◆ **Work instructions**: When you reach the line below that has "Щом отвориш вратата, ще", start returning lines exactly, and stop after the line that has "Die Küchenzeile bietet"; skip the pictures.

◆ **Data supplied**:
....

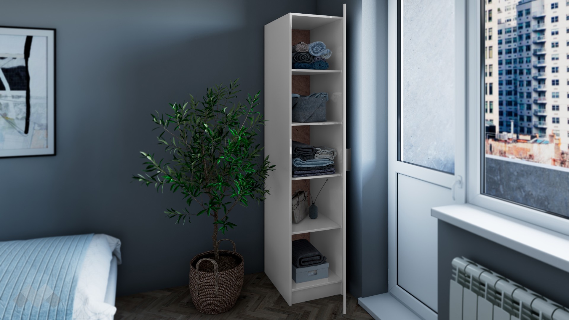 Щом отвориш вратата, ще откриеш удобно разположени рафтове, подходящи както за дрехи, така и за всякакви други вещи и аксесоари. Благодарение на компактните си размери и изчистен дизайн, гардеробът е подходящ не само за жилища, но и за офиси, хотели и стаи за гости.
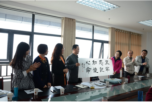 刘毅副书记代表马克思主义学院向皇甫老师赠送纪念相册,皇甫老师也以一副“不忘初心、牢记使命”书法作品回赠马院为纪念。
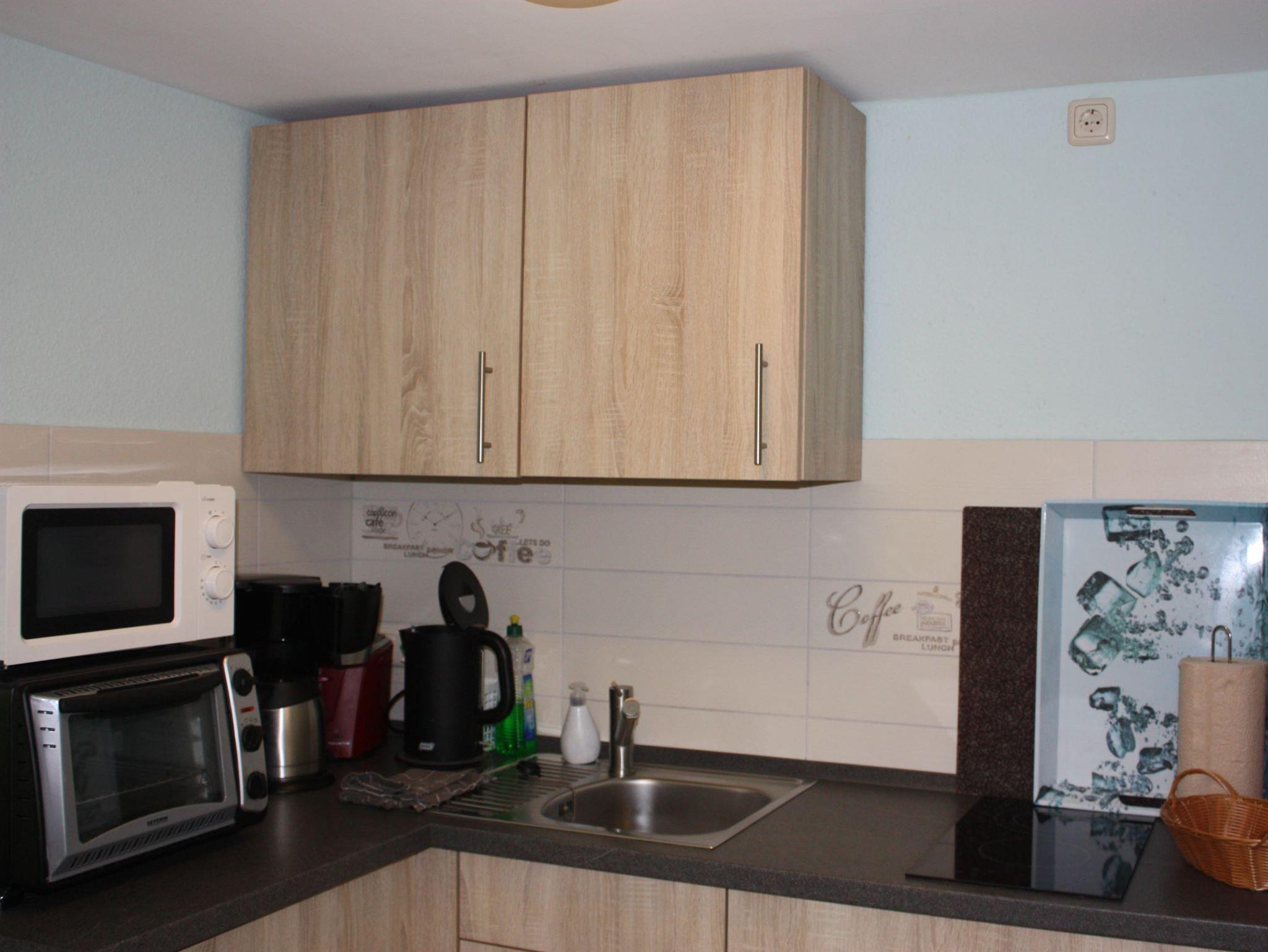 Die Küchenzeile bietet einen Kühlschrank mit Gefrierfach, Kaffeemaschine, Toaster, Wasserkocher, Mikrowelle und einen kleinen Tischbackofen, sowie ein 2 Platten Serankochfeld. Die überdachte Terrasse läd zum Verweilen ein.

....

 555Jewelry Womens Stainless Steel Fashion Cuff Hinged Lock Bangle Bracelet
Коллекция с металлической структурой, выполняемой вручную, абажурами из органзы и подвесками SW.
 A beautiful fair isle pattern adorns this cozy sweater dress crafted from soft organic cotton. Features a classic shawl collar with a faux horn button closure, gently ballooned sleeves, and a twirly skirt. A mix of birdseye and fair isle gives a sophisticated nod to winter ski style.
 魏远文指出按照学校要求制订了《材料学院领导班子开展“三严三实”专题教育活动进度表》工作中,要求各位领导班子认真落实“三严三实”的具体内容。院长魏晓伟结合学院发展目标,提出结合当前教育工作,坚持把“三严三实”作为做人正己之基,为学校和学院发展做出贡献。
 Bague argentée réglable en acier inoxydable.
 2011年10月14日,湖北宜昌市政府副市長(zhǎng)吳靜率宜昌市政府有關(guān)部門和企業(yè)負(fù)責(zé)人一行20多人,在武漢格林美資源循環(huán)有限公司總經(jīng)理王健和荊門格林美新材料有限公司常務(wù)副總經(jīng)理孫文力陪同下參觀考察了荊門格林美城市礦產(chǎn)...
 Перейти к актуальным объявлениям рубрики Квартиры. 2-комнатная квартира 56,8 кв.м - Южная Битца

....

◆ **Exercise response**:
 Щом отвориш вратата, ще откриеш удобно разположени рафтове, подходящи както за дрехи, така и за всякакви други вещи и аксесоари. Благодарение на компактните си размери и изчистен дизайн, гардеробът е подходящ не само за жилища, но и за офиси, хотели и стаи за гости.
 刘毅副书记代表马克思主义学院向皇甫老师赠送纪念相册,皇甫老师也以一副“不忘初心、牢记使命”书法作品回赠马院为纪念。
 Die Küchenzeile bietet einen Kühlschrank mit Gefrierfach, Kaffeemaschine, Toaster, Wasserkocher, Mikrowelle und einen kleinen Tischbackofen, sowie ein 2 Platten Serankochfeld. Die überdachte Terrasse läd zum Verweilen ein.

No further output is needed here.